Il video Present racconta di un’azione realizzata dall’artista insieme ad immigrati scappati da paesi in guerra o vittime di dittature. È un cammino verso la cima di una collina avvenuta sul Carso, presso una delle trincee della Prima Guerra Mondiale, in cui i segni a terra scavati paiono le cicatrici di un corpo martoriato, che simbolicamente rappresentano gli inutili e troppo rassicuranti confini tracciati dagli uomini. L’azione diventa così la storia di un incontro tra mondi e culture diverse, ma anche un auspicio alla solidarietà e alla comprension oltre i limiti tracciati dalla diffidenza.
Nazzarena Poli Maramotti
Non qui e Nebbia sono due delle opere realizzate da Nazzarena Poli Maramotti nel corso di una residenza per artisti a Dale i Sunnfjord in Norvegia nel 2019, e il luogo ha influenzato molto la sua pittura. Le giornate interminabili seguite da notti brevi e chiare dell’estate scandinava spingono – o quasi obbligano – a una visione costante di una natura maestosa e pervasiva, ossessivamente costellata di laghi, fiordi, stagni, cascate e pioggia.
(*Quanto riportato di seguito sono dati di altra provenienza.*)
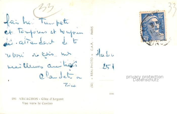 13572421 carte postale Arcachon Gironde Cote d’Argent Vue vers le Casino postalisch gelaufen Erhaltung siehe scans [WerneD78] KatCode: 11170033633009
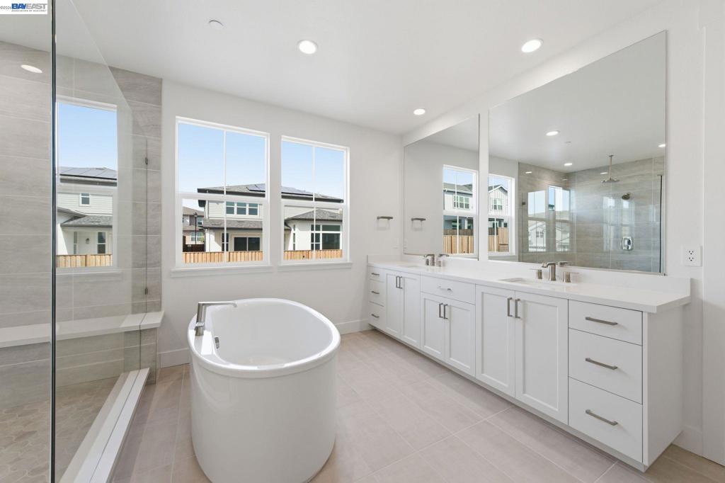 Welcome to Homesite 20 at Azure, a thoughtfully designed two-story home offering approximately 3,650 sq. ft. of refined living space and move-in ready. From the moment you enter, a welcoming first-floor entry sets the tone and leads to Bedroom 4. The kitchen is both elegant and functional, appointed with recessed-panel Beech Shaker cabinetry, chrome hardware, quartz countertops with a 6-inch backsplash, and Bosch stainless steel appliances. Designed as the heart of the home, the expansive kitchen features a large center island, generous counter space, and a walk-in pantry that delivers exceptional storage and everyday convenience. The kitchen flows seamlessly into the dining area and expansive great room, where large windows fill the space with natural light. Indoor-outdoor California living is easily enjoyed with direct access to a covered outdoor room and a tranquil courtyard, creating the perfect setting. The primary suite features a spa-inspired bathroom with a walk-in shower, dual vanities, and a walk-in closet. Two additional secondary bedrooms each offer their own bathroom access, while a centrally located laundry room provides added functionality and storage.
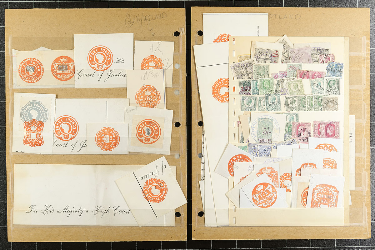 A small 3-ring binder, containing a wide-ride of old-time stockpages with Revenue / Fiscal stamps from Great Britain, Italy, Austria, Ceylon, Denmark, Norway, India, USA, Isreal, France and Canada (and many more). A very intriguing holding, that should prove rewarding once sorted out. Of particular note is the British Consular stamps, which were used on documents on countries around the world (we noted markings from Mexico and Siam, just to name a couple). Estimate =

L’artista ha una lunga consuetudine con le luci del Nord, per via della sua permanenza di molti anni a Norimberga, ed è probabilmente tale familiarità ad aver liberato la sua pittura dalla necessità di una definizione precisa delle forme, dandole quella caratteristica fluida e quella natura atmosferica che riconosciamo in queste due opere, di dimensioni molto diverse, esposte a Casa Testori. In Non qui si assiste quasi ad una lotta, tra l’onnipresenza umida che pervade la tela e quello sfondamento dell’azzurro, che ricorda Tiepolo, che alla fine esce con grande intensità. È una lotta che in realtà per Poli Maramotti diventa pretesto per fare del campo pittorico il vero soggetto del suo quadro, dove poter esercitare tutte le potenzialità della pittura stessa, in un’articolazione di contrasti e di continue fratture stilistiche. In Nebbia la stesura più pacificata, quasi di una luce omogenea e ovattata, smargina nella parte superiore in una sottile fascia di pittura tormentata: come un piccolo dramma tutto interno all’evento pittorico, che affonda in questo modo ogni possibile lettura naturalistica dell’opera.
Michela Pomaro
L’opera Camille è un omaggio dell’artista alla prima moglie di Claude Monet, Camille Doncieux, morta giovane a trentadue anni nel 1879. Michela Pomaro immagina che nell’intimità di quella loro breve relazione Camille sia stata la prima testimone del polverizzarsi cosmico del colore che avrebbe contrassegnato la lunga, straordinaria vicenda di Monet. È a partire da questa suggestione che ha immaginato il lavoro realizzato appositamente per la mostra. Dentro sei parallelepipedi di plexiglass progettati con linee molto rigorose, quasi oggetti di design, sono state collocate delle luci a led, chiamate ciascuna a realizzare uno spartito visivo differente. Le scatole che compongono l’installazione sono state armonizzate tra di loro, così da dar luogo ad un concerto cromatico in continua mutazione. Il colore si genera da una fonte inattingibile e fluisce nello spazio ridisegnandolo. Come avvenuto in tante esperienze contemporanee Michela Pomaro sfonda i confini specifici della pittura, per proiettarsi in una dimensione che resta comunque saldamente pittorica. Nel lavoro dell’artista gioca anche un altro fattore, che consiste nella dialettica tra la certezza formale dei contenitori e invece il processo alchemico che accade all’interno, inconoscibile e misterioso. La solidità razionale delle scatole, che rimanda concettualmente alla squadratura della tela, rende più acuta, per contrasto la dimensione di transitorietà e mutevolezza del colore.
Laura Pugno
L’opera di Laura Pugno mira a sottrarsi o a capovolgere le aspettative dello spettatore, a metterlo in difficoltà o in una condizione di incertezza interpretativa rispetto all’opera. È ciò che accade anche in Mis-love, in cui l’artista ribalta l’idea della pianta domestica da appartamento, emblema della cura della casa. Le piante, infatti, rappresentano uno stereotipo positivo ricorrente nelle riviste di arredamento, nel cinema e nelle campagne pubblicitarie. Ma insieme le piante testimoniano l’amore verso il verde che recentemente sta guadagnando grande attenzione, forse anche per i drammatici problemi ambientali che caratterizzano il nostro tempo.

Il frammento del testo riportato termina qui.